RE: Subclass of Thing/Resource from Jeff Sussna on 2000-03-04 (www-rdf-interest@w3.org from March 2000)

From: Jeff Sussna <jeff.sussna@quokka.com>
Date: Fri, 3 Mar 2000 16:18:44 -0800
To: "'Dan Brickley'" <Daniel.Brickley@bristol.ac.uk>, Guha <guha@epinions-inc.com>
Cc: www-rdf-interest <www-rdf-interest@w3.org>
Message-ID: <E19A882C6CD5D211A8A70008C75B6AF40122D027@pcmail.quokka.com>
It's interesting that, while there are two major forms of URI, URN and URL,
only URL has been strongly used so far. It is designed to tell you where
something is rather than what it is. I think this reflects the overal focus
on physicality rather semantics on the current web. As we are seeing, the
semantic web will need to deal with what things are. It remains to be seen
how we implement reliable protocols for whatness. It's one thing to use ISBN
to identify books. ISBN refers to some external, canonical, centrally
managed identification mechanism. Do we refer to people by their Social
Security numbers? That obviously doesn't work for anyone who's not an
American? Or by a GUID constructed from the GPS location, date, and time at
which they were born?

A whole other approach, that might be more feasible, that comes out of my
previous comments about reliable vs. canonical identification, is to build
up an identification. For example, "the person who was born at such and such
a time in such and such a place, was CEO of such and such a corporation at a
given point in time, etc." RDF could certainly help here. 

By the way, this latter approach correlates with a particular concern I have
in the privacy arena. Even if your identitity isn't known, if it's known
that a single individual engaged in some set of activity on the net, at some
point it becomes possible to "triangulate" your identity from that activity.

Jeff

-----Original Message-----
From: Dan Brickley [mailto:Daniel.Brickley@bristol.ac.uk]
Sent: Friday, March 03, 2000 4:02 PM
To: Guha
Cc: www-rdf-interest
Subject: Re: Subclass of Thing/Resource


On Fri, 3 Mar 2000, Guha wrote:

> Tim,
> 
>  I think many of these questions center around
> precisely defining what an RDF Resource Identifier
> is supposed to be.
> 
>    I agree that we need to distinguish between RDF
> Resource identifiers and URIs.

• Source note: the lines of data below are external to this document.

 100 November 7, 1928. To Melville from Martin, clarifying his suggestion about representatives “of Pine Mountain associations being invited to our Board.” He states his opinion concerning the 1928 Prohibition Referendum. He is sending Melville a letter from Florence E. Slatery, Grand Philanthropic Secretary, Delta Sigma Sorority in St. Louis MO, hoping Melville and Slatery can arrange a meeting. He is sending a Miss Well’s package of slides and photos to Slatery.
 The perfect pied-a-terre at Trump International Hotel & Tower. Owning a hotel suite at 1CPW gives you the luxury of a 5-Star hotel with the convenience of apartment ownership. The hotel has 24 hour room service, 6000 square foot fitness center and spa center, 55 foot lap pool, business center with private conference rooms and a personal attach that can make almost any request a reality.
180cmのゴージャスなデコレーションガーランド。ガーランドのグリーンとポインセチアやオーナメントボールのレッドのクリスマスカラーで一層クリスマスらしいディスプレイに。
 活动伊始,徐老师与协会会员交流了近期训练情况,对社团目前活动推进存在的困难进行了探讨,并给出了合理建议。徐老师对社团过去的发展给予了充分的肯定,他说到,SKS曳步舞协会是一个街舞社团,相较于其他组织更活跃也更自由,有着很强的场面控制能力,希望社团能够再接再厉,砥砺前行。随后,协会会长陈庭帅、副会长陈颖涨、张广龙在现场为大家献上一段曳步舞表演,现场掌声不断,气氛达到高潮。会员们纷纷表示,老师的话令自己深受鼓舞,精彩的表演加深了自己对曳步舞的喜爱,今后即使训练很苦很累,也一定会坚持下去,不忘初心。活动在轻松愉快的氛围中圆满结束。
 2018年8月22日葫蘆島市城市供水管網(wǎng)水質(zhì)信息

A URI is a pretty formal object
> (protocol + host + opaque string) whose definition pretty
> concretely  constrains what can have a URI. By
> this definition, people, places, etc. cannot have URIs.

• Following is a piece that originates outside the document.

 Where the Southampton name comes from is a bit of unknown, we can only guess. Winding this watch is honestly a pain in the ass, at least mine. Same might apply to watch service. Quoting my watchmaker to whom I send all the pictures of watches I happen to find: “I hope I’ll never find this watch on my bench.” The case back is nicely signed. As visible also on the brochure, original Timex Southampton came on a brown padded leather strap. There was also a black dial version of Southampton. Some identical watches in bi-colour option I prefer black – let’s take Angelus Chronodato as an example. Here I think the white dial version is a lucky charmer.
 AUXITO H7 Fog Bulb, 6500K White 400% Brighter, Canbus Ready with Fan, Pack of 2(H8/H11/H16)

Sorry Guha, you're quite definitively wrong on this last claim. I agree
that we need more clarifications in this area, but the URI spec (as
referenced 
from RDF Model and Syntax) is very clear on this point:


From http://www.isi.edu/in-notes/rfc2396.txt

[begin excerpt]

Network Working Group                                     T. Berners-Lee
Request for Comments: 2396                                       MIT/LCS
Updates: 1808, 1738                                          R. Fielding
Category: Standards Track                                    U.C. Irvine
                                                             L. Masinter
                                                       Xerox Corporation
                                                             August 1998
           Uniform Resource Identifiers (URI): Generic Syntax

[...]

	Abstract   
	   A Uniform Resource Identifier (URI) is a compact string of
characters
	   for identifying an abstract or physical resource.  This document
	   defines the generic syntax of URI, including both absolute and
	   relative forms, and guidelines for their use; it revises and
replaces
	   the generic definitions in RFC 1738 and RFC 1808.

[...]
      Resource         
 	 A resource can be anything that has identity.  Familiar
         examples include an electronic document, an image, a service
         (e.g., "today's weather report for Los Angeles"), and a
         collection of other resources.  Not all resources are network
         "retrievable"; e.g., human beings, corporations, and bound
         books in a library can also be considered resources.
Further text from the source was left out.